-- Provided entries follows --

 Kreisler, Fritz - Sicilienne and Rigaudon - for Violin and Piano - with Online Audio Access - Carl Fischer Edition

-- Provided entries concluded --
-- Provided entries follows --

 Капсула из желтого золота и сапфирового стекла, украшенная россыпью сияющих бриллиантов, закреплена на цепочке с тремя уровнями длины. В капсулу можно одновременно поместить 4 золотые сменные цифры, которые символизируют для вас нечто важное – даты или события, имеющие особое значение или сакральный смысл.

-- Provided entries concluded --
-- Provided entries follows --

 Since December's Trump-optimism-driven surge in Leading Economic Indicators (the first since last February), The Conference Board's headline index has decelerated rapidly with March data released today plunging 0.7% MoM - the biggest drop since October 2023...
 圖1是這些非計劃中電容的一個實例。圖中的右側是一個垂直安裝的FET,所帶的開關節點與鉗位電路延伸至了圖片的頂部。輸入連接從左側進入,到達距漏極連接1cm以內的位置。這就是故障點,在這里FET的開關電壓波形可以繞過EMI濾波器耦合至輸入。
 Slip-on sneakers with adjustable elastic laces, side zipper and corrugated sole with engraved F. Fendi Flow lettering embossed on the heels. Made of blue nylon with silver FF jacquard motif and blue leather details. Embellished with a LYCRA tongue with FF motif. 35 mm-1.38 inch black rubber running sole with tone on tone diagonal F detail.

-- Provided entries concluded --

*Task*
Return all lines from the data that include the string "with".

*Answer space*
 Kreisler, Fritz - Sicilienne and Rigaudon - for Violin and Piano - with Online Audio Access - Carl Fischer Edition
 Since December's Trump-optimism-driven surge in Leading Economic Indicators (the first since last February), The Conference Board's headline index has decelerated rapidly with March data released today plunging 0.7% MoM - the biggest drop since October 2023...
 Slip-on sneakers with adjustable elastic laces, side zipper and corrugated sole with engraved F. Fendi Flow lettering embossed on the heels. Made of blue nylon with silver FF jacquard motif and blue leather details. Embellished with a LYCRA tongue with FF motif. 35 mm-1.38 inch black rubber running sole with tone on tone diagonal F detail.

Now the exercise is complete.